Problem to solve -
Would you restate every entry that follows, word for word, and leave out the pictures?
----
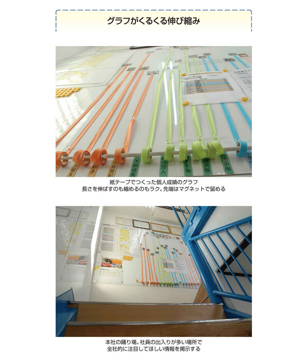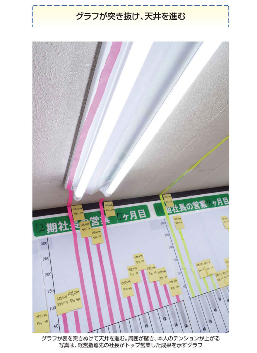 壁一面に掲示されるグラフが突き出るから、驚きとやる気が生まれます。武蔵野のグラフは、天井に達して、天井を進むこともあります(次ページ)。
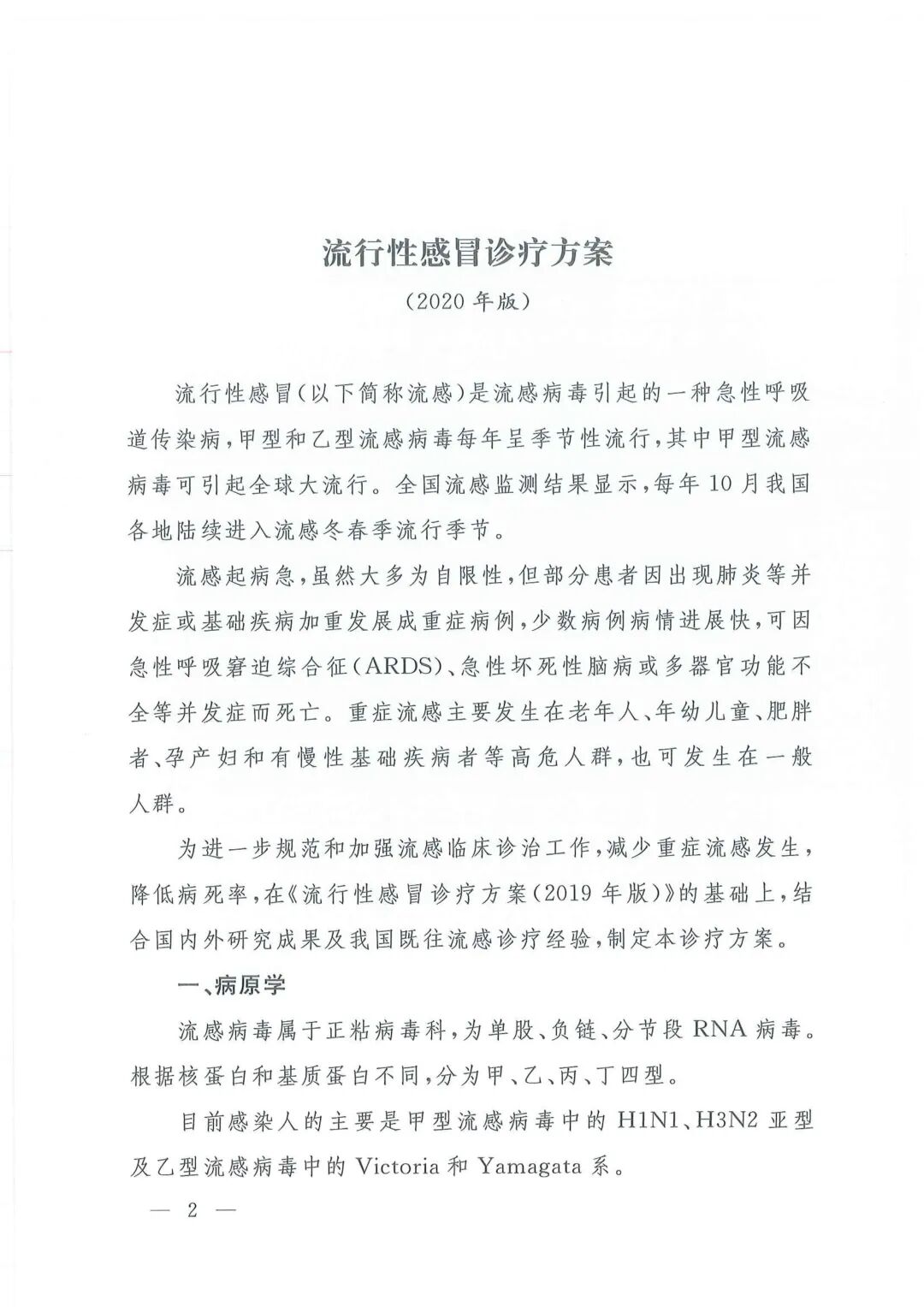 关于印发流行性感冒诊疗方案(2020年版)的通知
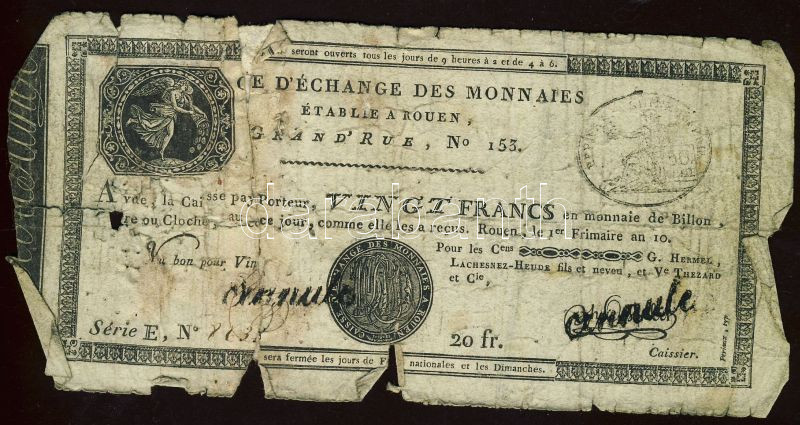 Franciaország / Rouen 1797-1803. 20Fr T:IV- R! https://www.darabanth.com/hu/92-Gyorsarveres/92.0/Numizmatika/Kulfoldi-bankjegyek~296/Franciaorszag-Rouen-1797-1803-20Fr-TIV-R~II187727
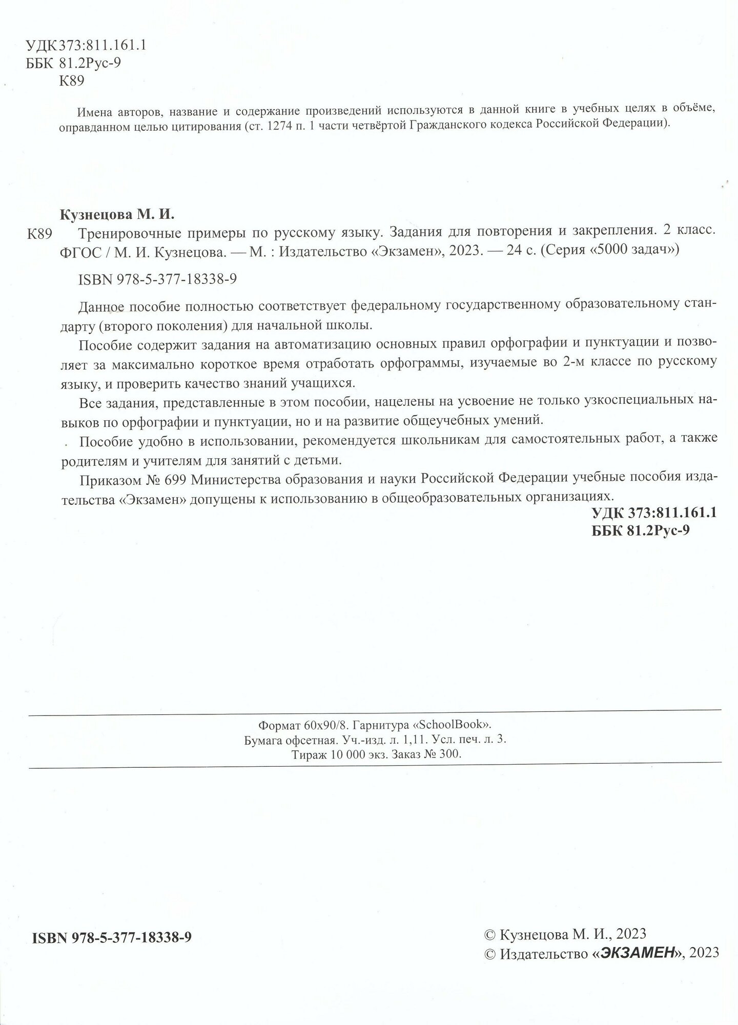 Тренировочные примеры по русскому языку 2 класс Задания для повторения и закрепления (Марта Ивановна Кузнецова); Экзамен, 2023
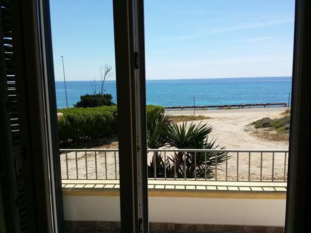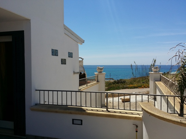 Bellissima casa vacanza indipendente fronte mare a Torre San Giovanni con condizionatore a 30 metri dal mare e a 400 metri dalla spiaggia si può andare tranquillamente a piedi in spiaggia composta da: 2 camere da letto, disimpegno, stupendo soggiorno con angolo cottura salottino e lettino, bagno con doccia, per un totale di 4+1 posti letto balcone avanti e sul fianco con una stupenda vista mare dove si può cenare e pranzare fuori la sera utilizzando il barbecue con doccia esternae posto auto privato. Zona molto ben servita con supermercato, bar, ristorante, pizzeria ecc tutto arrivabile a piedi.
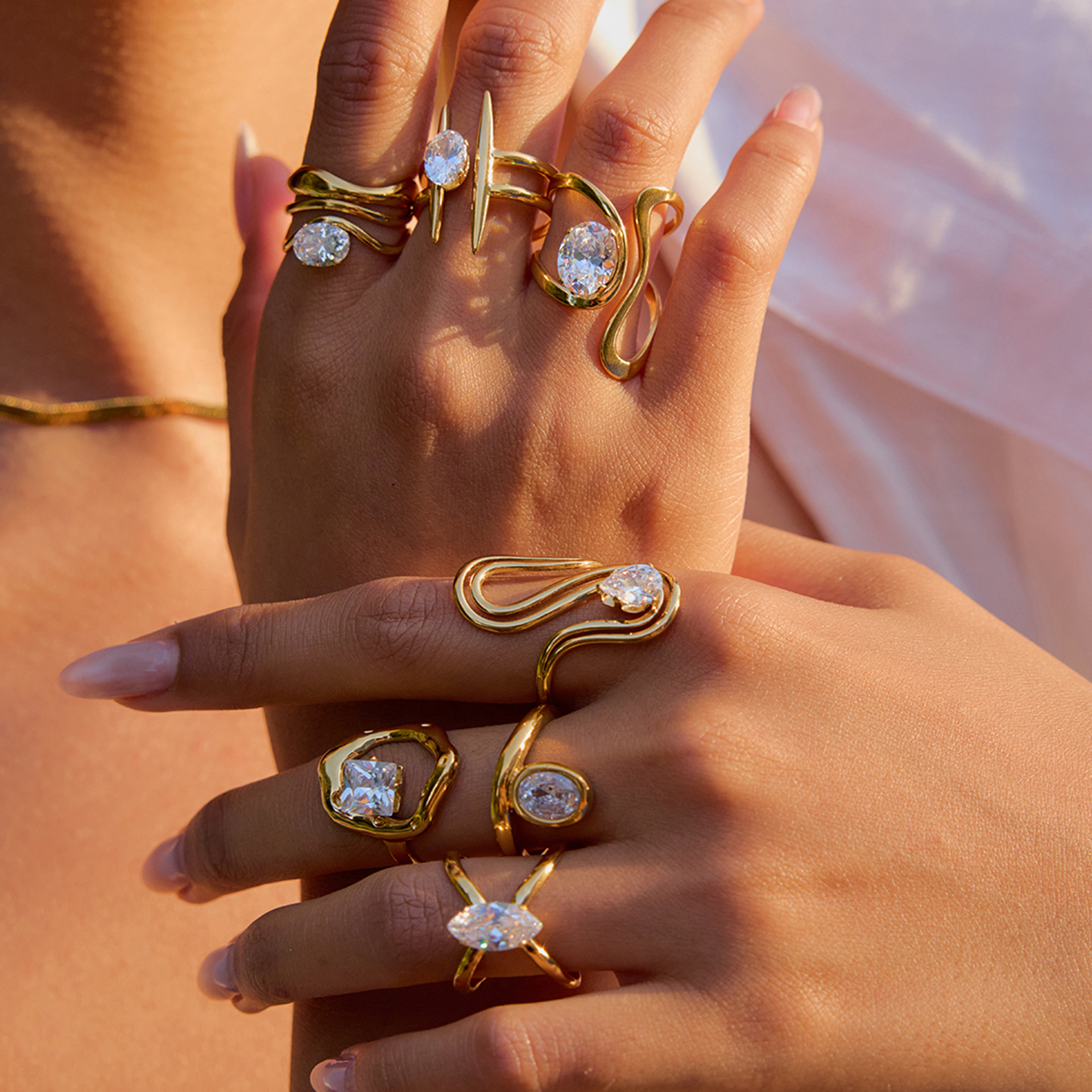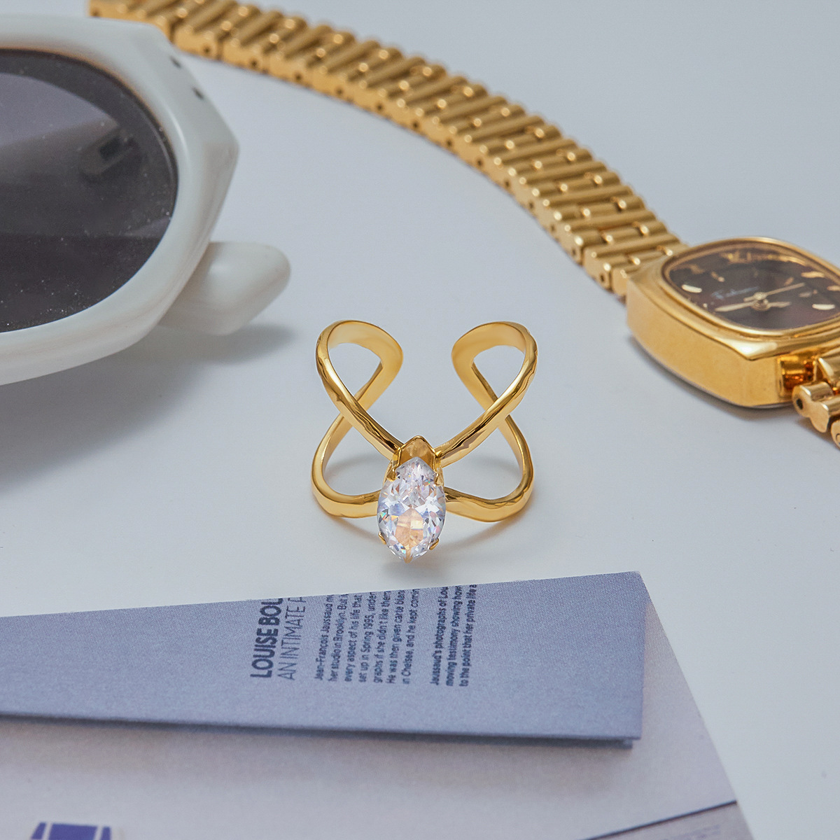 Bague en acier inoxydable Incrusté de zircon, Acier inoxydable 304, avec zircon cubique, Placage, styles différents pour le choix & pour femme & creux, doré, Vendu par PC
----
Your solution -
 壁一面に掲示されるグラフが突き出るから、驚きとやる気が生まれます。武蔵野のグラフは、天井に達して、天井を進むこともあります(次ページ)。
 关于印发流行性感冒诊疗方案(2020年版)的通知
 Franciaország / Rouen 1797-1803. 20Fr T:IV- R! https://www.darabanth.com/hu/92-Gyorsarveres/92.0/Numizmatika/Kulfoldi-bankjegyek~296/Franciaorszag-Rouen-1797-1803-20Fr-TIV-R~II187727
 Тренировочные примеры по русскому языку 2 класс Задания для повторения и закрепления (Марта Ивановна Кузнецова); Экзамен, 2023
 Bellissima casa vacanza indipendente fronte mare a Torre San Giovanni con condizionatore a 30 metri dal mare e a 400 metri dalla spiaggia si può andare tranquillamente a piedi in spiaggia composta da: 2 camere da letto, disimpegno, stupendo soggiorno con angolo cottura salottino e lettino, bagno con doccia, per un totale di 4+1 posti letto balcone avanti e sul fianco con una stupenda vista mare dove si può cenare e pranzare fuori la sera utilizzando il barbecue con doccia esternae posto auto privato. Zona molto ben servita con supermercato, bar, ristorante, pizzeria ecc tutto arrivabile a piedi.
 Bague en acier inoxydable Incrusté de zircon, Acier inoxydable 304, avec zircon cubique, Placage, styles différents pour le choix & pour femme & creux, doré, Vendu par PC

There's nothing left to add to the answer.